Print each line below verbatim, skipping every picture.

▶ [DATA SUPPLIED]:
== Segment start ==
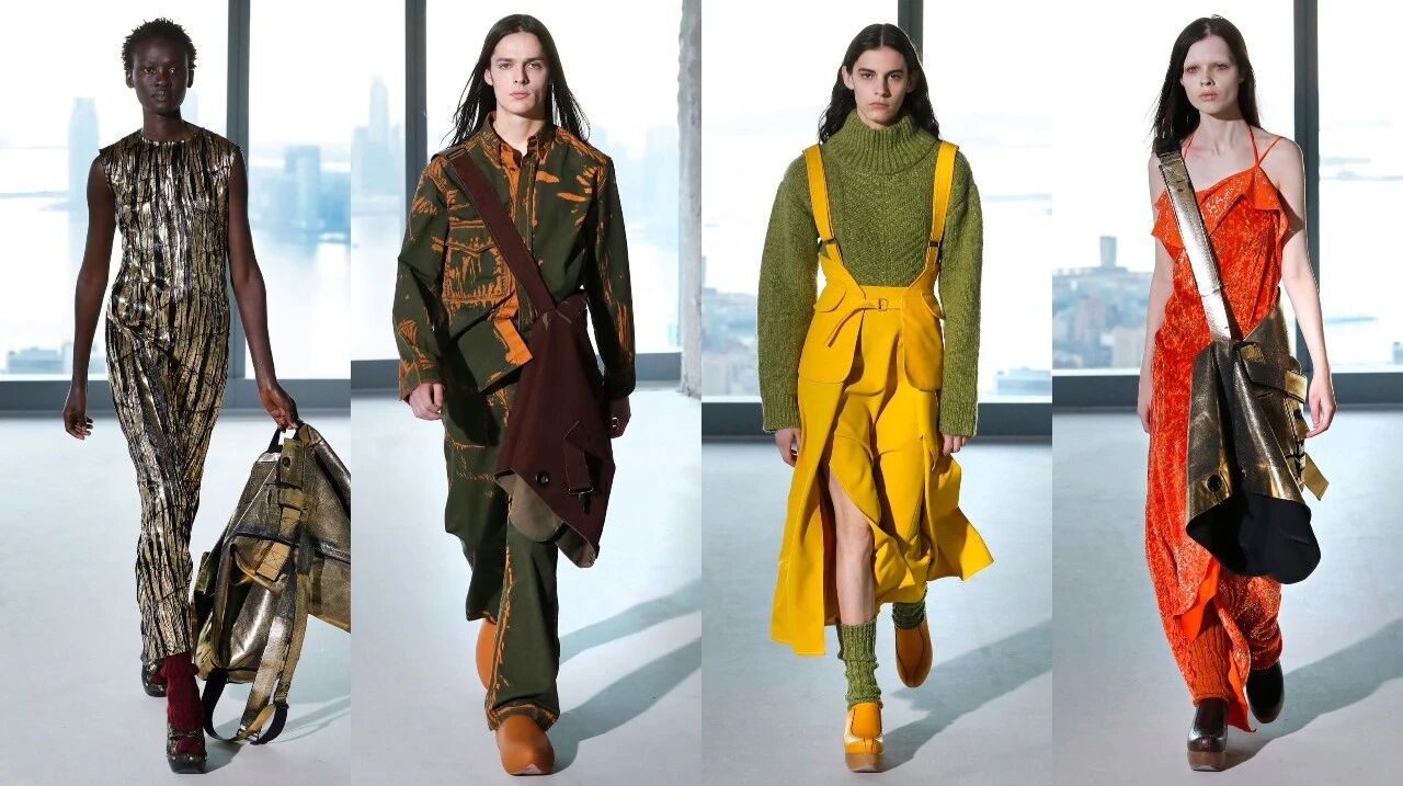 在曼哈顿的摩天大楼上,Sies Marjan带来了充满乡村记忆的系列,设计师不只使用草编、提篮之类的简单田园符号,而是将农业的专业内容剖析,并加以展示。农业工作服,自然的染色方式,和乡村建筑纹理都转化为时装的细节,打造不一样的乡村哲学。
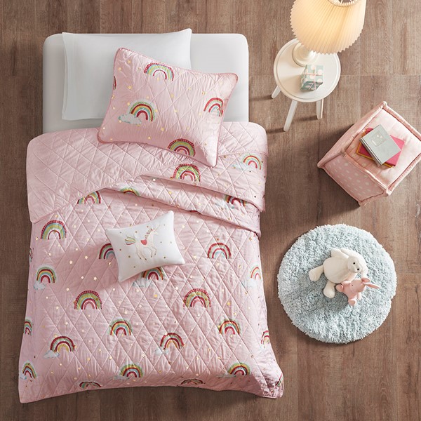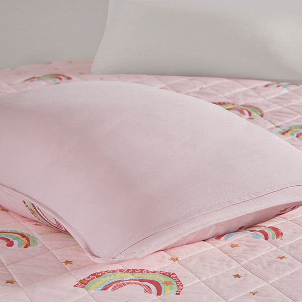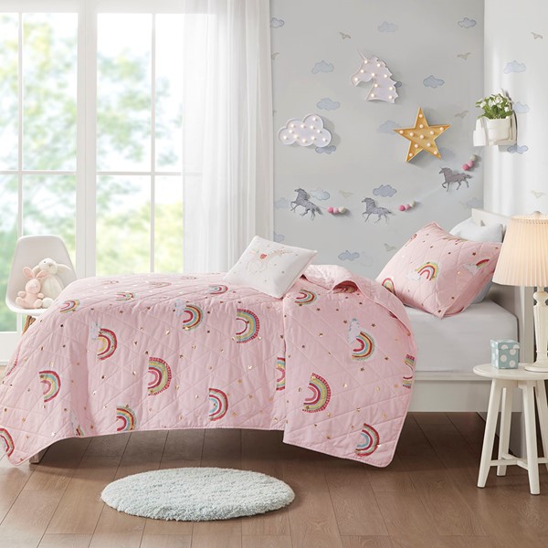 Bring a whimsical charm to your girl’s bedroom with the Mi Zone Kids Alicia Rainbow with Metallic Printed Stars Reversible Quilt Set. An adorable rainbow and gold metallic star print adorns the pink quilt and 2 shams (1 in Twin/TwinXL) for a cute and playful look. The solid pink reverse complements the entire ensemble and adds a soft pop of color. The oblong decorative pillow features an embroidered unicorn and provides a fun finishing touch to this kid’s quilt. Ideal for use in the summer, this kid’s quilt offers an extra layer of warmth in the winter. Cotton-rich filling in the quilted quilt and hypoallergenic polyester filling in the decorative pillow provide extra softness and comfort. Pre-washed for extra softness, this kid’s quilt set brightens up your child’s bedroom with its delightful allure and is machine washable for easy care. This bedding set uses an antimicrobial treatment that provides built-in freshness protection, reducing the growth of odor causing bacteria to keep fabric lasting longer. Items in the set may come in a rolled or compressed packaging, which will need to be fluffed up or steam ironed before use to remove wrinkles.
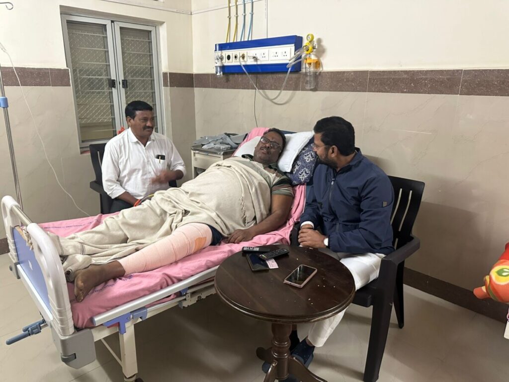 హైదరాబాద్ త్రినేత్రం న్యూస్ ప్రతినిధి. హైదరాబాదు నిమ్స్ ఆసుపత్రిలో మెకాలికి శాస్త్ర చేయుంచుకున్న తెలంగాణ రాష్ట్ర ఎస్సీ ఎస్టీ కమిటి సభ్యులు రామగుండం మాజీ మేయర్ కొంకటి
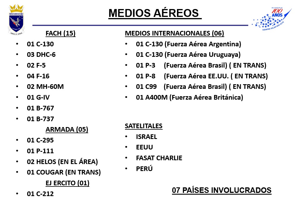 En las operaciones de búsqueda participan un avión C-130 de la Fuerza Aérea Argentina y unidades de la Fuerza Aérea Uruguaya, de la Fuerza Aérea de Brasil y de la British Air Force, como señala la gráfica adjunta.
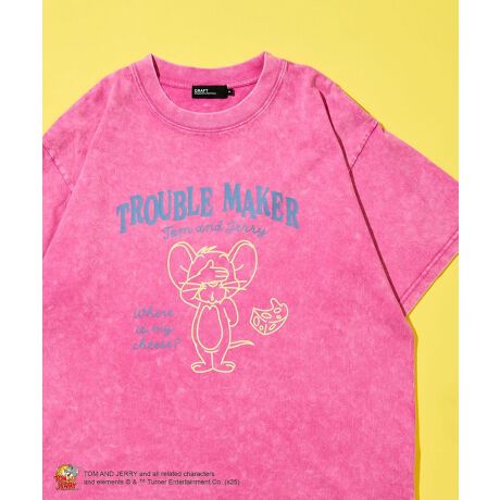 ネズミのジェリーが見せる、ちょっぴり小悪魔な笑顔と「TROUBLE MAKER」のロゴが印象的な一枚。
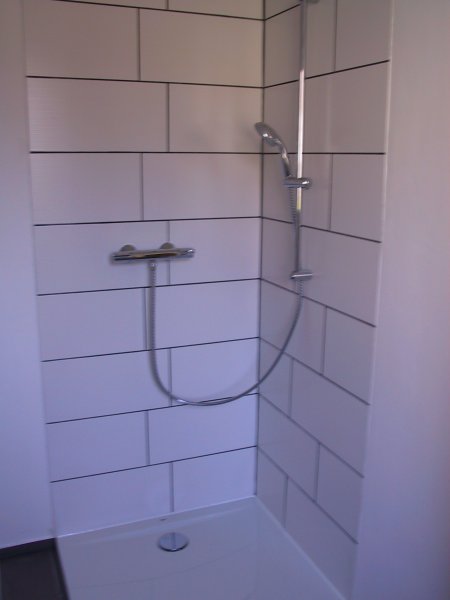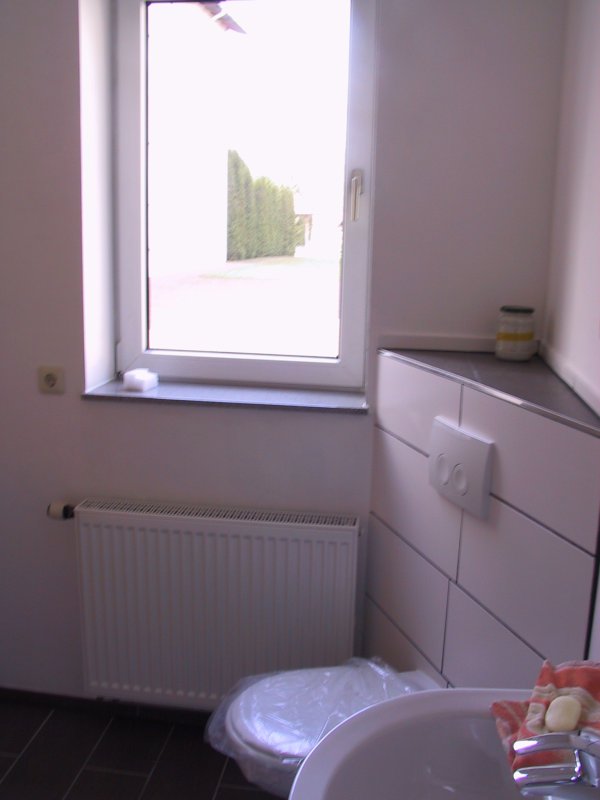 Tageslichtbad mit modernen Fliesen, bodengleicher Dusche mit Glasabtrennung pflegeleichter Steingutboden in Wohnzimmer, Küche und Schlafzimmer
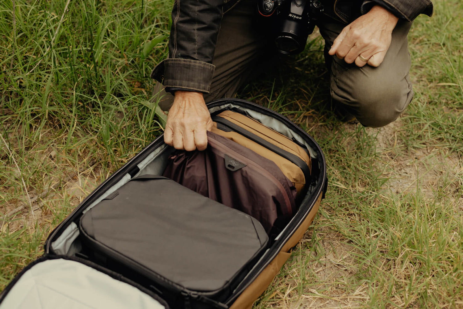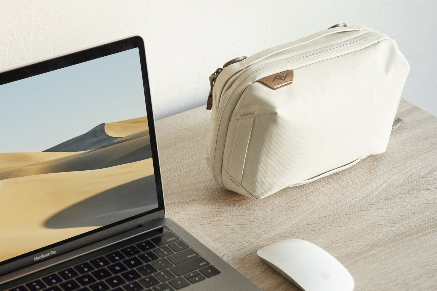 Whether storing cables, everyday gear, or travel essentials, Tech Pouch offers unrivaled organization and ease of access. Origami-style pockets create enormous spatial efficiency, letting you pack more into a smaller space while keeping your items neatly organized and easy to find. Elastic accessory loops keep items like pens, knives, SD cards, and batteries always within reach. Exterior handles and a clamshell-style opening make this pouch a delight to hold and access. External zip pocket has a cable pass-through for easy device charging. The 400D recycled nylon canvas shell is weatherproof and aesthetically clean.
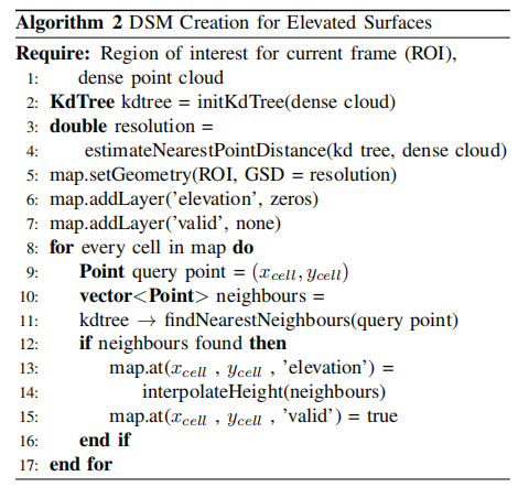 - 模式 3:基于 GNSS 定位和视觉姿态估计,利用 GPU 加速立体重建,从 RGB 图像生成 2.5D 数字高程模型。输出包括相机运动估计、各视图深度图、考虑地表高程的增量更新 2D 地图(正射影像)以及顺序扩展的稠密 3D 点云。
== Segment end ==
▶ [FINISHED TASK]:
 在曼哈顿的摩天大楼上,Sies Marjan带来了充满乡村记忆的系列,设计师不只使用草编、提篮之类的简单田园符号,而是将农业的专业内容剖析,并加以展示。农业工作服,自然的染色方式,和乡村建筑纹理都转化为时装的细节,打造不一样的乡村哲学。
 Bring a whimsical charm to your girl’s bedroom with the Mi Zone Kids Alicia Rainbow with Metallic Printed Stars Reversible Quilt Set. An adorable rainbow and gold metallic star print adorns the pink quilt and 2 shams (1 in Twin/TwinXL) for a cute and playful look. The solid pink reverse complements the entire ensemble and adds a soft pop of color. The oblong decorative pillow features an embroidered unicorn and provides a fun finishing touch to this kid’s quilt. Ideal for use in the summer, this kid’s quilt offers an extra layer of warmth in the winter. Cotton-rich filling in the quilted quilt and hypoallergenic polyester filling in the decorative pillow provide extra softness and comfort. Pre-washed for extra softness, this kid’s quilt set brightens up your child’s bedroom with its delightful allure and is machine washable for easy care. This bedding set uses an antimicrobial treatment that provides built-in freshness protection, reducing the growth of odor causing bacteria to keep fabric lasting longer. Items in the set may come in a rolled or compressed packaging, which will need to be fluffed up or steam ironed before use to remove wrinkles.
 హైదరాబాద్ త్రినేత్రం న్యూస్ ప్రతినిధి. హైదరాబాదు నిమ్స్ ఆసుపత్రిలో మెకాలికి శాస్త్ర చేయుంచుకున్న తెలంగాణ రాష్ట్ర ఎస్సీ ఎస్టీ కమిటి సభ్యులు రామగుండం మాజీ మేయర్ కొంకటి
 En las operaciones de búsqueda participan un avión C-130 de la Fuerza Aérea Argentina y unidades de la Fuerza Aérea Uruguaya, de la Fuerza Aérea de Brasil y de la British Air Force, como señala la gráfica adjunta.
 ネズミのジェリーが見せる、ちょっぴり小悪魔な笑顔と「TROUBLE MAKER」のロゴが印象的な一枚。
 Tageslichtbad mit modernen Fliesen, bodengleicher Dusche mit Glasabtrennung pflegeleichter Steingutboden in Wohnzimmer, Küche und Schlafzimmer
 Whether storing cables, everyday gear, or travel essentials, Tech Pouch offers unrivaled organization and ease of access. Origami-style pockets create enormous spatial efficiency, letting you pack more into a smaller space while keeping your items neatly organized and easy to find. Elastic accessory loops keep items like pens, knives, SD cards, and batteries always within reach. Exterior handles and a clamshell-style opening make this pouch a delight to hold and access. External zip pocket has a cable pass-through for easy device charging. The 400D recycled nylon canvas shell is weatherproof and aesthetically clean.
 - 模式 3:基于 GNSS 定位和视觉姿态估计,利用 GPU 加速立体重建,从 RGB 图像生成 2.5D 数字高程模型。输出包括相机运动估计、各视图深度图、考虑地表高程的增量更新 2D 地图(正射影像)以及顺序扩展的稠密 3D 点云。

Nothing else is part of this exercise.